◆ **What the task requires**
What you return must be the full data, repeated verbatim, with no pictures in it.

◆ **Stored items from a collection**
*** Begin section ***

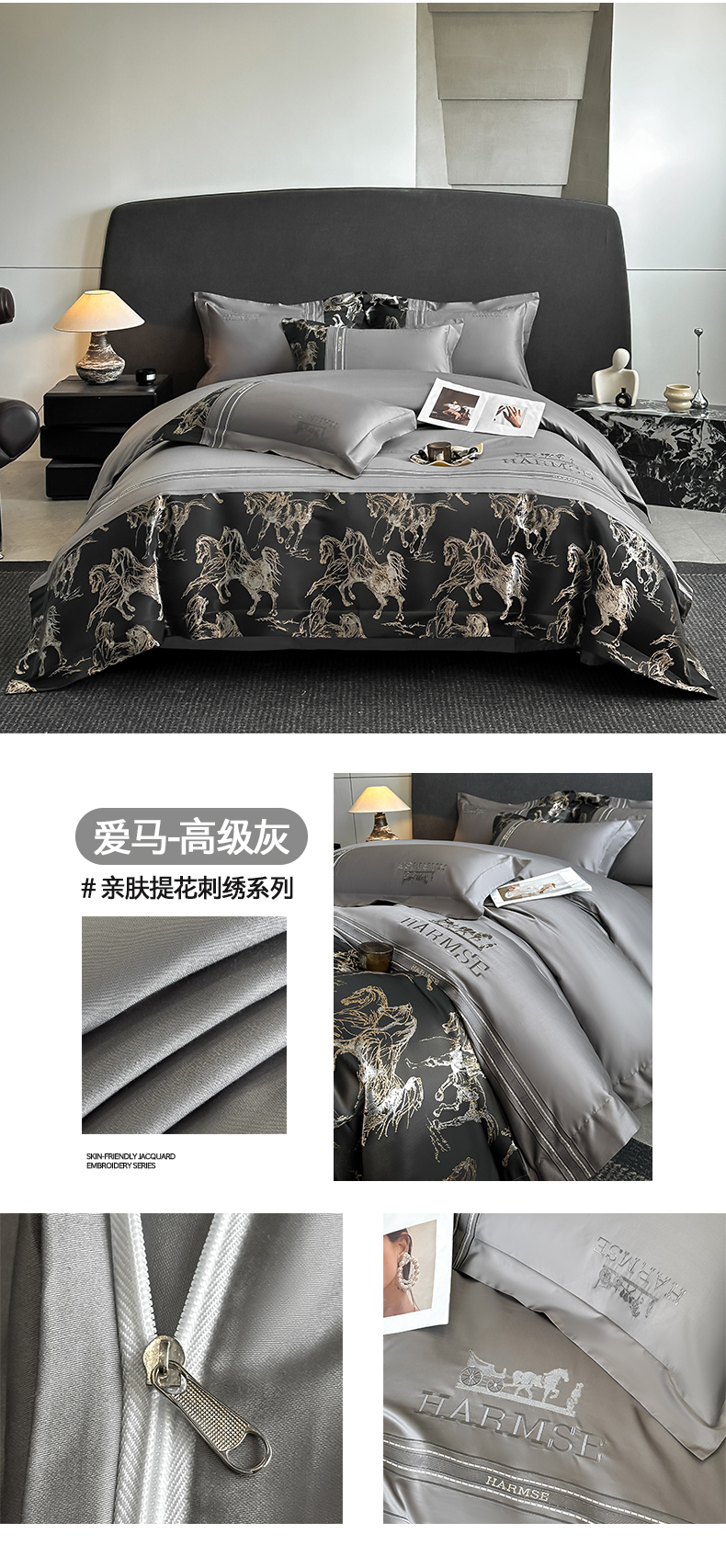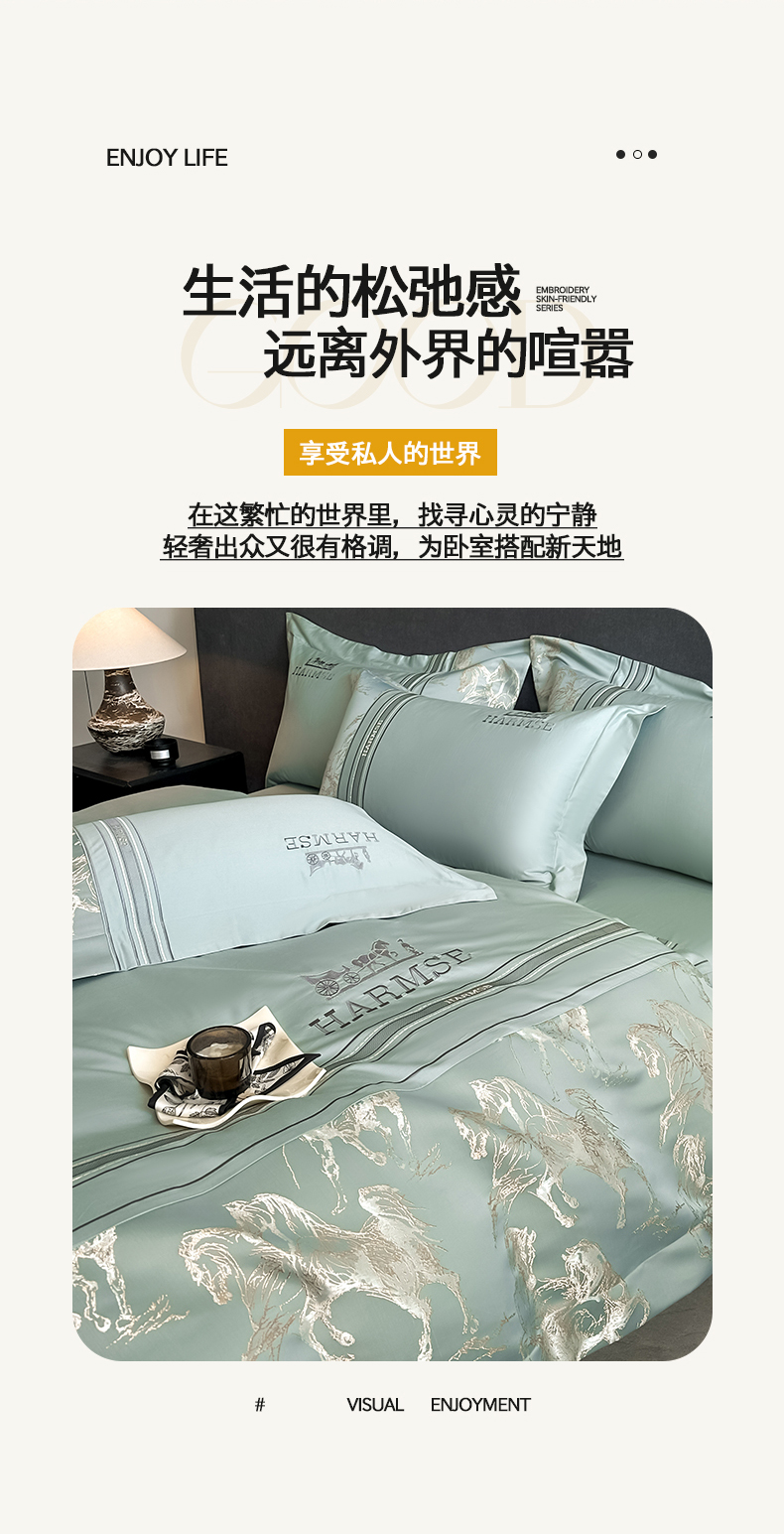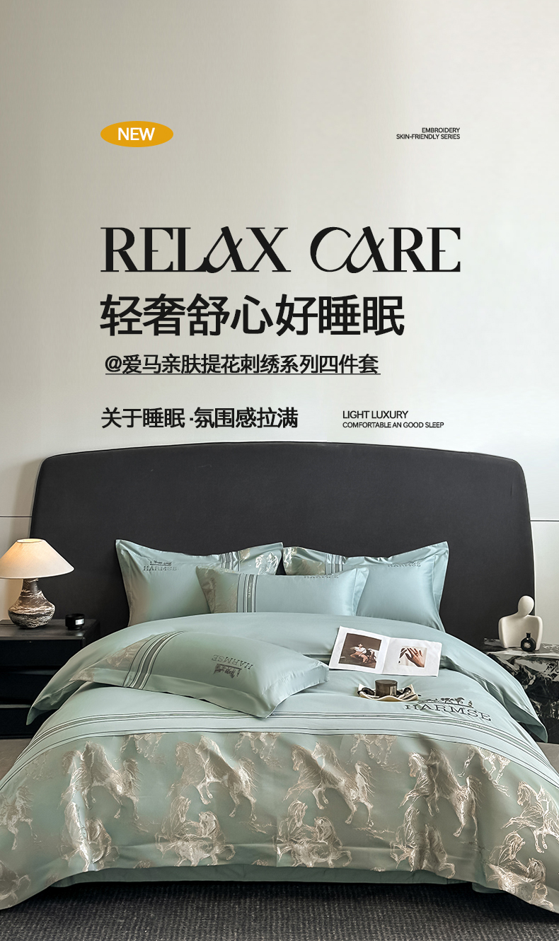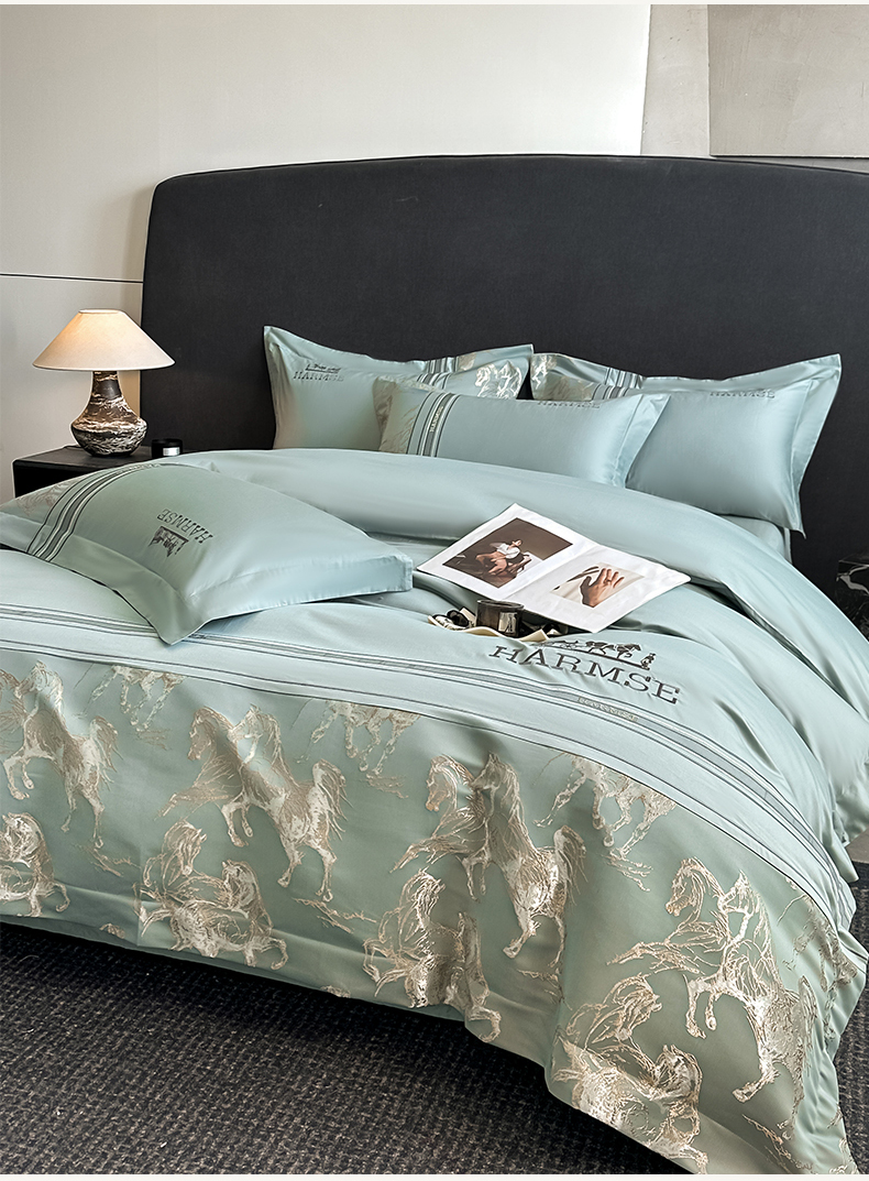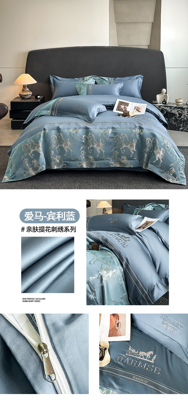 当前位置: 91家纺网 > 商品网购 > 床品套件 > 四件套 > 全棉普通四件套 > 置顶家纺 2026新款马年爱马亲肤提花刺绣系列四件套 爱马-繁星蓝
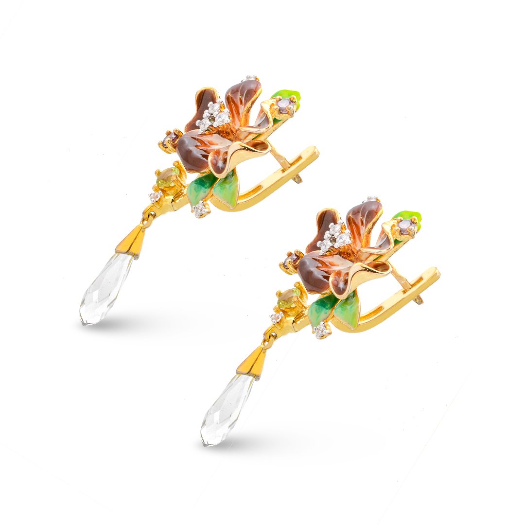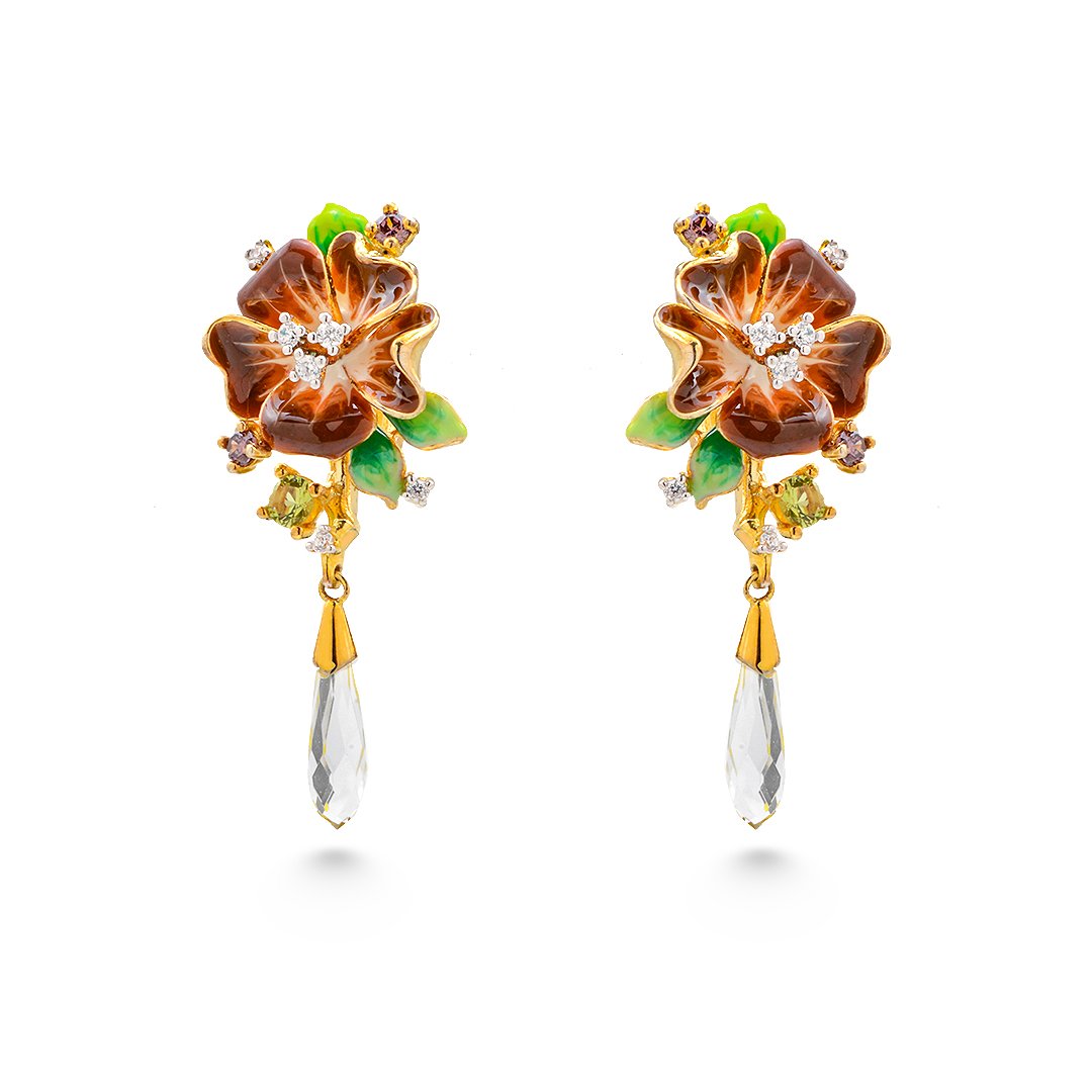 The upper flower element is shaped with curved petals and a warm brown tone. This natural motif provides visual depth and a calming earthiness. Below, a faceted crystal drop reflects surrounding light. Moreover, the contrast between matte petal tones and glossy crystal adds sophistication. The dangling form moves gently with every step, enhancing the earrings’ lifelike presence. These design choices bring softness and rhythm to the overall silhouette.
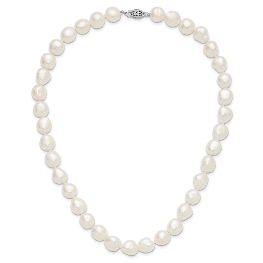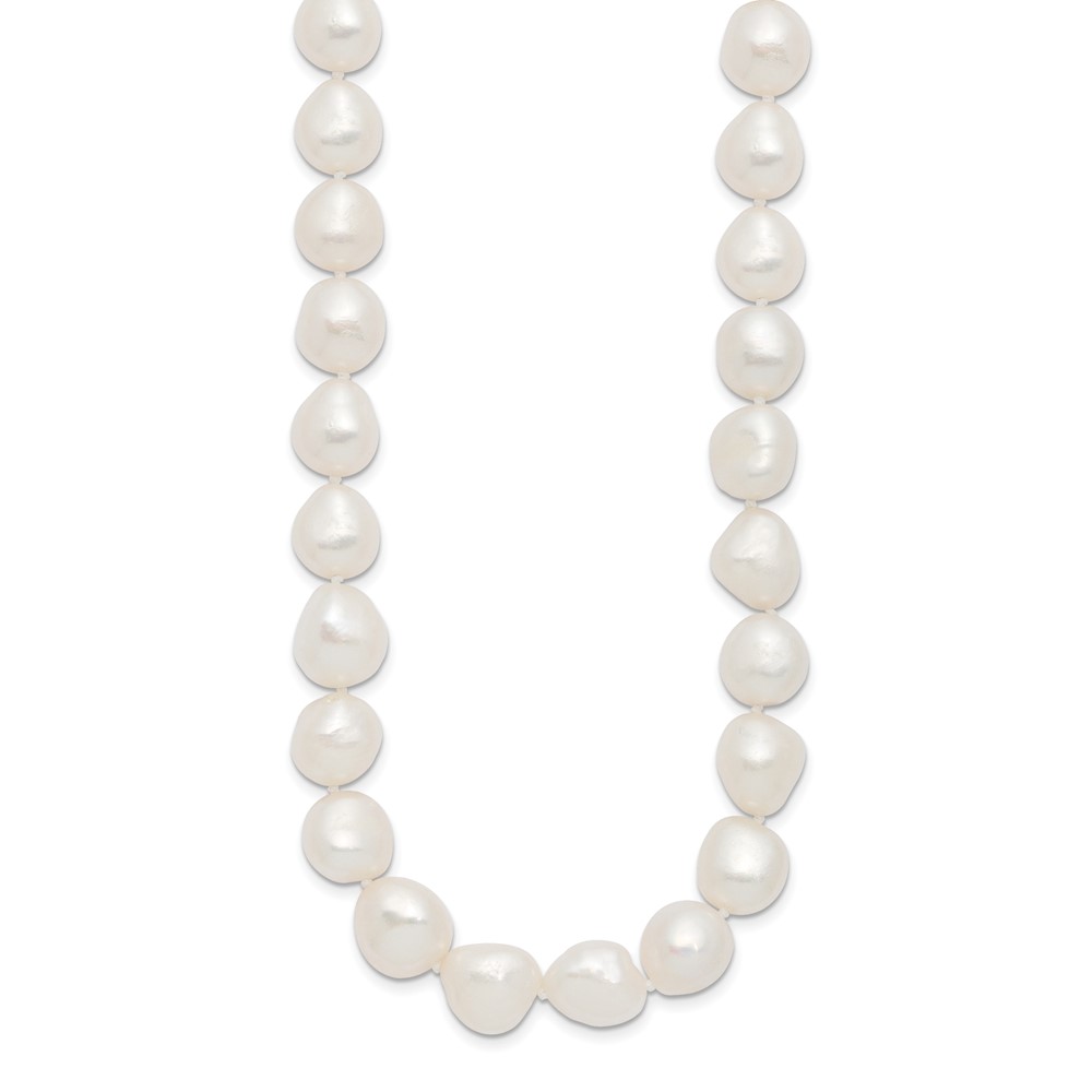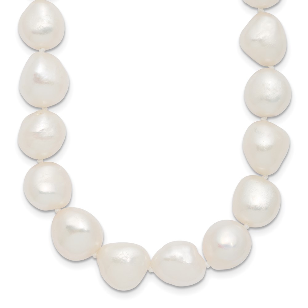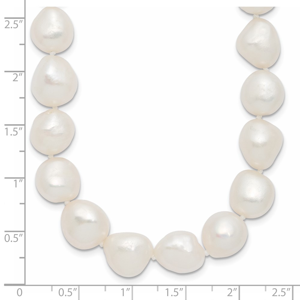 Sterling Silver Rhodium-plated 11-12mm White Baroque Freshwater Cultured Pearl 20 inch Necklace
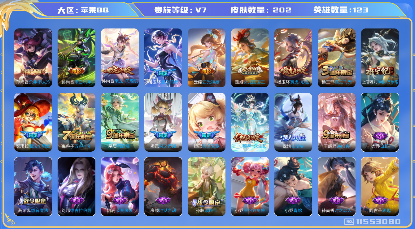 [11553080]V7 1典藏 7传说 123英雄 202皮肤 可修改实名 优质装备:杀手不太冷,末日机甲-孙尚香(绿蚂蚱) 传说皮:乘龙·问璇玑(孙尚香年限),星之鸣奏,幻光神枪 珍宝阁皮:蔷薇恋人 限定皮:愿照·众生和(妲己年限),映山客,鸣野蒿,时之彼端,魔法小厨娘,遇见飞天,五谷丰年,如梦令-嫦娥,女儿国国王,寅虎·心曲(虎婆),时之奇旅-妲己,神器·万象笔 史诗皮:器灵·浮梦炉,茶境仙,炽弈燎原,涂山红红,上官婉儿群星魔术团,遇见神鹿,紫霞仙子,黄金分割率,特工魅影,浮梦罗烟,魅语,高渐离燃音魔法,无限星赏官,青蛇,白蛇,晚萤,银翎春语,时之恋人-孙尚香,节奏热浪,女仆咖啡,水果甜心,心灵骇客,功夫厨神,德古拉伯爵,暗隐猎兽者,鬼剑武藏,心灵战警,舞动绿茵,地狱岩魂,诗语江南,繁星吟游(呼啦呼啦),拒霜思,缤纷独角兽,逐浪之夏,水晶猎龙者,唤灵魅影,金属风暴,鹰眼统帅,魅力维加斯,黎明之约,奇遇舞章,滕王阁序,顽趣-阿古朵
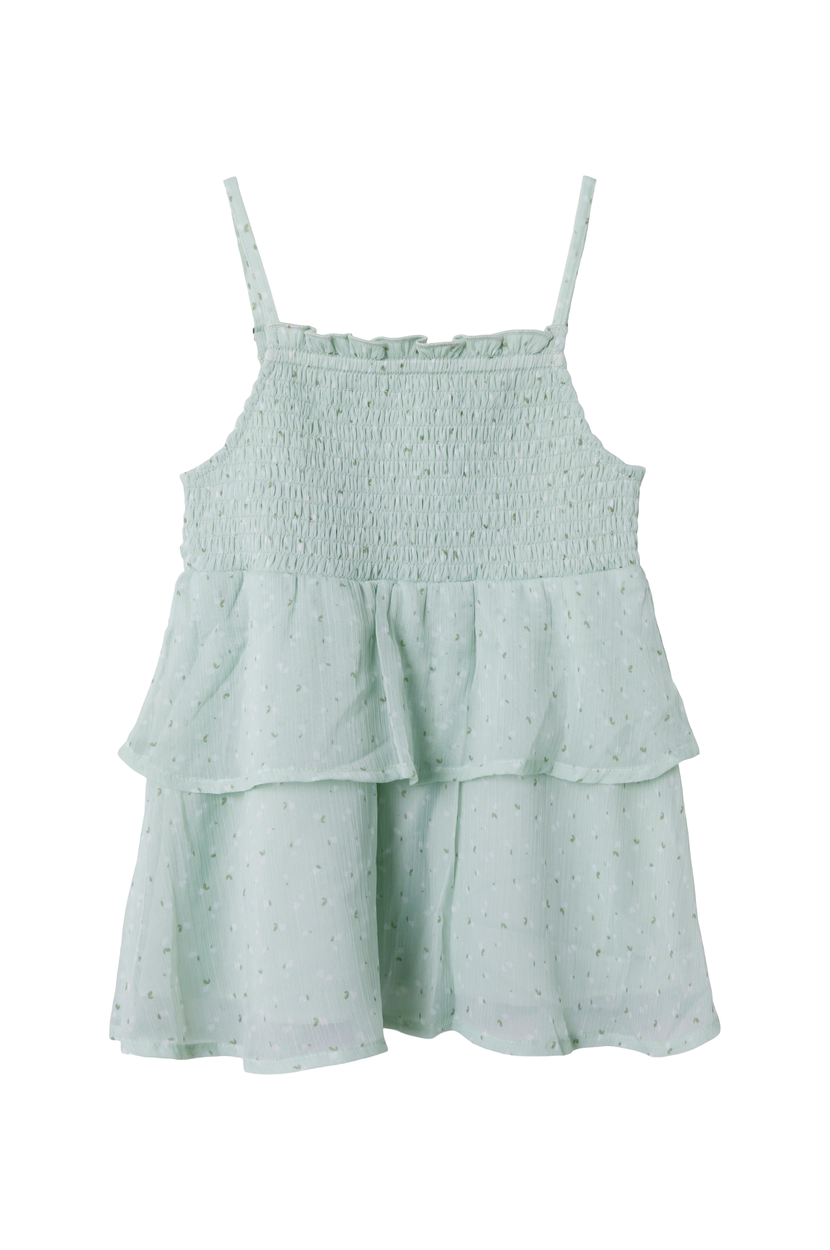 • Ærmeløs top med tynde, justérbare skulderstropper• Smocket øvre del• Transparente volanter ved taljen• For i strækjersey
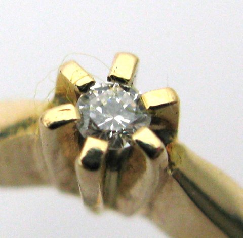 Ring af 14 kt. guld, prydet med brillantsleben diamant på ca. 0,02 ct., vægt ca. 2 gr. Ring Str. 50½
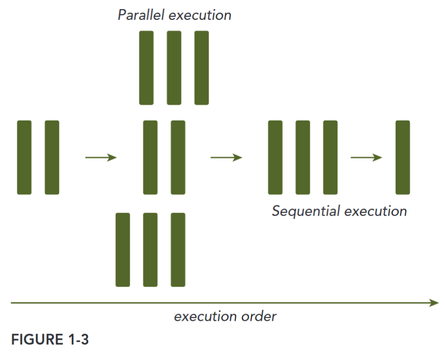There are two ways to classify the relationship between two pieces of computation: Some are related by a precedence restraint and therefore must be calculated sequentially; others have no such restraints and can be calculated concurrently. Any program containing tasks that are performed concurrently is a parallel program. As shown in Figure 1-3, a parallel program may, and most likely will, have some sequential parts.
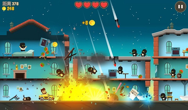 游戏让大家体验到了只需一手操控也能感受猛烈撞击的快感,刚开始贴心的新手教程也足矣让玩家一目了然,只需上下滑动屏幕,便可操控这位大胡子上下跳跃来回穿梭撞击在各个楼层之间,并在躲避敌人的攻击同时攻击敌方解救人类。
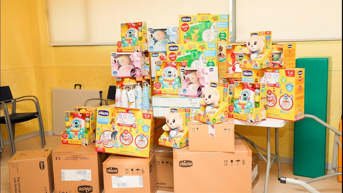 La marca Chicco ha donado juguetes y productos de cosmética infantil por valor de 3000 euros para distribuir entre los niños ucranianos desplazados hasta el momento a Boadilla del Monte.

*** End section ***

◆ **Exercise response**
 当前位置: 91家纺网 > 商品网购 > 床品套件 > 四件套 > 全棉普通四件套 > 置顶家纺 2026新款马年爱马亲肤提花刺绣系列四件套 爱马-繁星蓝
 The upper flower element is shaped with curved petals and a warm brown tone. This natural motif provides visual depth and a calming earthiness. Below, a faceted crystal drop reflects surrounding light. Moreover, the contrast between matte petal tones and glossy crystal adds sophistication. The dangling form moves gently with every step, enhancing the earrings’ lifelike presence. These design choices bring softness and rhythm to the overall silhouette.
 Sterling Silver Rhodium-plated 11-12mm White Baroque Freshwater Cultured Pearl 20 inch Necklace
 [11553080]V7 1典藏 7传说 123英雄 202皮肤 可修改实名 优质装备:杀手不太冷,末日机甲-孙尚香(绿蚂蚱) 传说皮:乘龙·问璇玑(孙尚香年限),星之鸣奏,幻光神枪 珍宝阁皮:蔷薇恋人 限定皮:愿照·众生和(妲己年限),映山客,鸣野蒿,时之彼端,魔法小厨娘,遇见飞天,五谷丰年,如梦令-嫦娥,女儿国国王,寅虎·心曲(虎婆),时之奇旅-妲己,神器·万象笔 史诗皮:器灵·浮梦炉,茶境仙,炽弈燎原,涂山红红,上官婉儿群星魔术团,遇见神鹿,紫霞仙子,黄金分割率,特工魅影,浮梦罗烟,魅语,高渐离燃音魔法,无限星赏官,青蛇,白蛇,晚萤,银翎春语,时之恋人-孙尚香,节奏热浪,女仆咖啡,水果甜心,心灵骇客,功夫厨神,德古拉伯爵,暗隐猎兽者,鬼剑武藏,心灵战警,舞动绿茵,地狱岩魂,诗语江南,繁星吟游(呼啦呼啦),拒霜思,缤纷独角兽,逐浪之夏,水晶猎龙者,唤灵魅影,金属风暴,鹰眼统帅,魅力维加斯,黎明之约,奇遇舞章,滕王阁序,顽趣-阿古朵
 • Ærmeløs top med tynde, justérbare skulderstropper• Smocket øvre del• Transparente volanter ved taljen• For i strækjersey
 Ring af 14 kt. guld, prydet med brillantsleben diamant på ca. 0,02 ct., vægt ca. 2 gr. Ring Str. 50½
There are two ways to classify the relationship between two pieces of computation: Some are related by a precedence restraint and therefore must be calculated sequentially; others have no such restraints and can be calculated concurrently. Any program containing tasks that are performed concurrently is a parallel program. As shown in Figure 1-3, a parallel program may, and most likely will, have some sequential parts.
 游戏让大家体验到了只需一手操控也能感受猛烈撞击的快感,刚开始贴心的新手教程也足矣让玩家一目了然,只需上下滑动屏幕,便可操控这位大胡子上下跳跃来回穿梭撞击在各个楼层之间,并在躲避敌人的攻击同时攻击敌方解救人类。
 La marca Chicco ha donado juguetes y productos de cosmética infantil por valor de 3000 euros para distribuir entre los niños ucranianos desplazados hasta el momento a Boadilla del Monte.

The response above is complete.